Но ему этого хватало. Да, хватало! Он был весел, оживлен, воспоминания были свежи и остры, как будто он рассказывал не о делах давно минувших дней, а о вчерашнем приключении. И не в водке тут было дело, не так уж он был и пьян. Но в чем?
О тайне творчества
Помню, однажды беседовал я с одним старичком. Был ему далеко за семьдесят. Всю жизнь проработал он в школе, вел уроки пения. А летом ездил в пионерский лагерь аккордеонистом.
— Аккордеон чем хорош? – говорил он мне. – Сидишь там, в лагере, днем у себя в комнате, делать нечего. Берешь инструмент, раз, раз, – тут правая его рука пробежалась по воображаемым клавишам, а левая – по воображаемым же кнопкам, – раз, раз, и получается произведение. У меня много произведений.
Так мне впервые приоткрылась тайна творчества.
Через несколько лет я имел случай убедиться, что метод этого старичка применим не только к музыке. Приятель сознался мне, что пишет стихи.
— Идешь так по скверику, смотришь по сторонам - травка свежая, птички поют, небо чистое. Чпок, чпок – стишок! Бывает, за неделю стишков пять сочиняю.
Фома vs Ерема
Однажды какая-то тележурналистка брала интервью у знаменитого народного академика Терентия Семеновича Мальцева. Он был уже очень стар. Девушка спросила его:
— Вот, много говорится о мальцевском почерке в земледелии.
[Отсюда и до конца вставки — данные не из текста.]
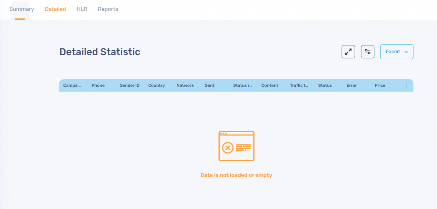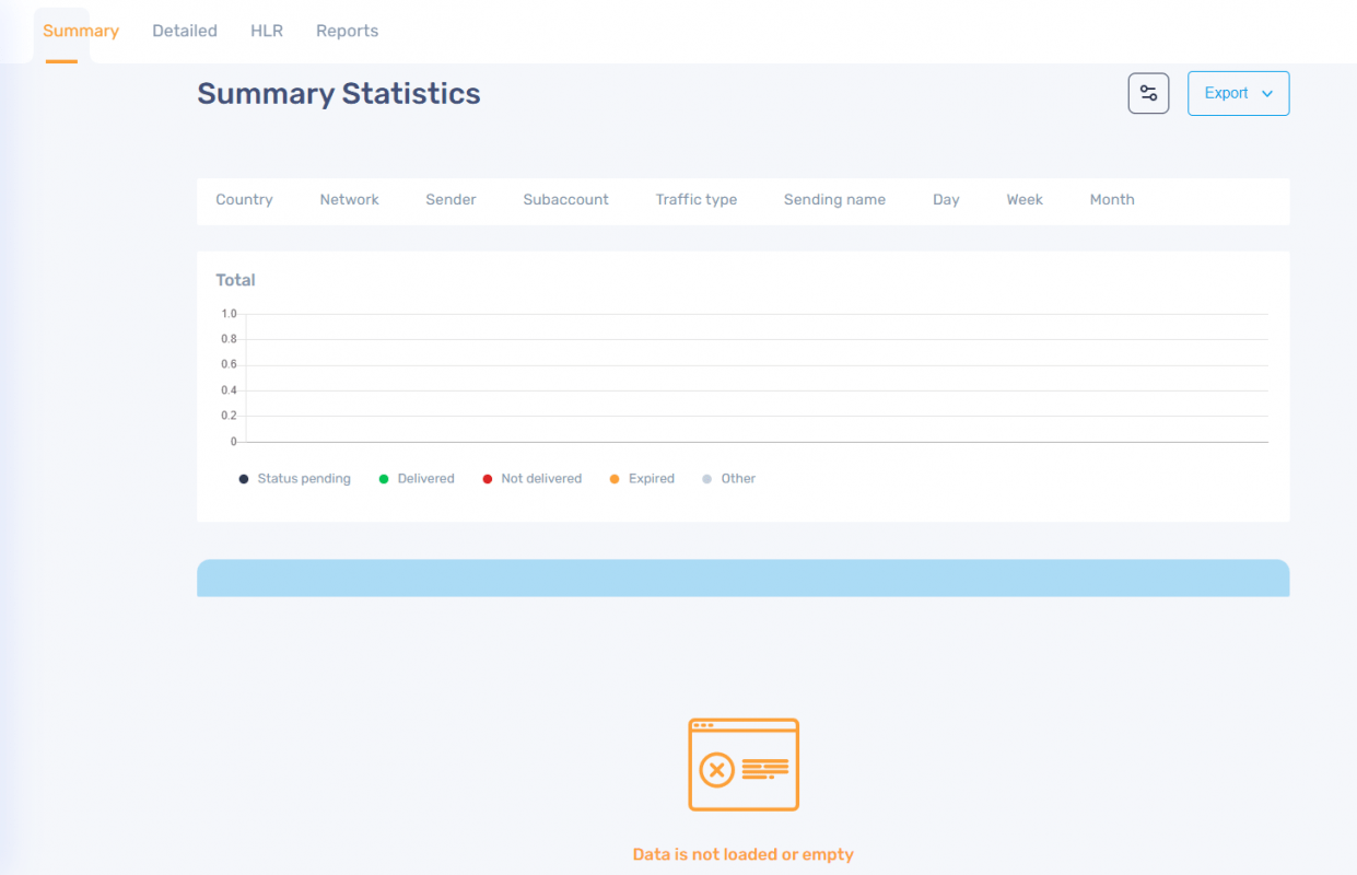 Please note that after sending SMS messages the data can be loaded to the “Statistics” section in a few minutes.

Что вы можете про это сказать?
— Да что, почерк-то у меня и в детстве был плохой, а сейчас и вообще каракули, не разберешь, - ответил Терентий Семенович.
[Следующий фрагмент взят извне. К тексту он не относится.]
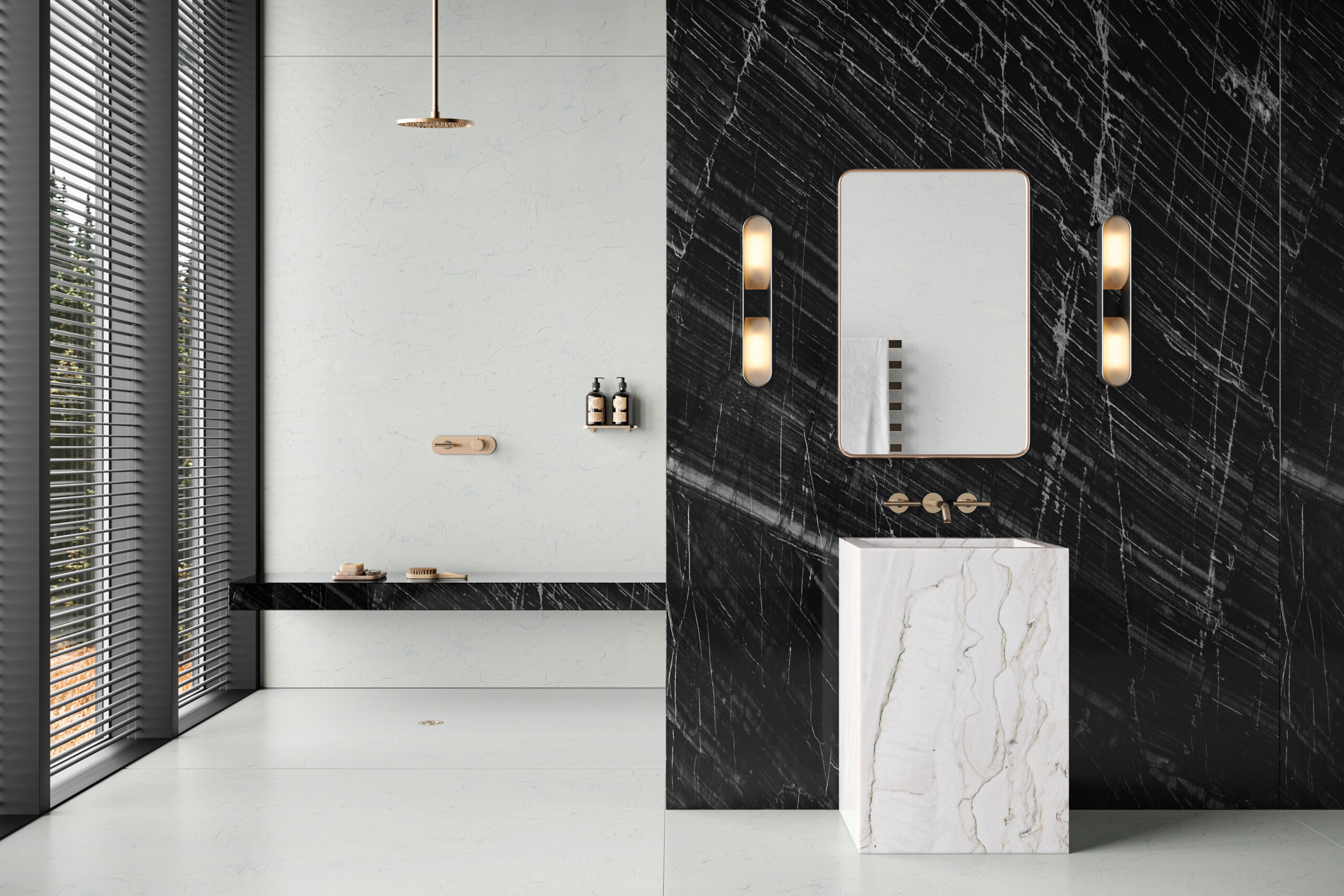Cosentino introduces Oihana, a unique selection of Brazilian Black Spider quartzite. Its black base is interspersed with endless white veins and gold speckles, creating a whimsical pattern reminiscent of the sweeping, elegant silk threads of a spider’s web. This inimitable natural stone is further enhanced by Sensa’s exclusive stain-resistant protection technology.

Много лет назад, в командных соревнованиях на первенство одного из московских профсоюзов мастер С.Салов, многократный чемпион СССР среди глухих, играл на своей доске с любителем. Дело было на моих глазах. После того, как партия закончилась, Салов сказал партнеру:
— Мне кажется, решающую ошибку вы допустили, сыграв Се7 вместо совершенно обязательного h7-h6.
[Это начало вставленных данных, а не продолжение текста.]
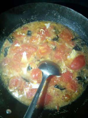 起锅,加入香油,待锅温后放入西红柿翻炒后,再加入木耳翻炒一分钟,加水,待锅烧开后,放入已经打好的鸡蛋,盖上锅盖(不好意思,中间部分照片未拍,步骤就不分开了,这张图是烧好后的图片)

— Да брось ты, - ответил соперник, - слон е-семь какой-то, у меня идея была – твою туру выловить, не вышло маленько.
О советском рубле
По пути на работу и с работы, дважды в день, проезжаю я мимо завода «Серп и молот». Когда-то флагман советской индустрии, ныне он, как и большинство московских промышленных предприятий, лежит, что называется, на боку.
А когда-то там кипела жизнь, выполнялся и перевыполнялся план, вручались переходящие знамена, шло социалистическое соревнование.
Вспоминаю одну историю, которую мне в те времена рассказал приятель, работавший в одном из цехов этого передового предприятия:
— Сижу как-то в конторке, заходит один работяга, я его немного знаю, он по лимиту у нас, до этого сидел лет пять, за драку вроде. Заходит, в руке держит свой расчетный листок, стоит, мнется и молчит.
Наконец женщина, экономист наш цеховой, его спрашивает:
— Что вы хотели?
— Да вот, - отвечает он, - даже не знаю, как сказать… неудобно, вы работаете, а я со своей ерундой.
— Ну говорите, говорите!
— Да ладно, чего я буду вас отвлекать…
— Да в чем дело-то?
— Да тут, как сказать.. ну, в общем, недоплатили мне.
— Ну так давайте ваш расчетный, посмотрю.
— Так это… там всего-то на рубль меньше, неудобно…
— Так, сейчас, подождите… Да, действительно, вам рубль недоплатили. Звоните в бухгалтерию.
— Ну, как… было б хотя три… а то из-за рубля людей отрывать…
— Да перестаньте вы наконец! Ваш рубль, чего ломаетесь, как девочка! Вот телефон, звоните!
— Считаете, надо? А как же… там же люди работают… а я тут со своим рублем…
— Слушайте, сколько можно вам объяснять! Звоните и все!
— Ну хорошо, - отвечает работяга, - я, пожалуй, позвоню.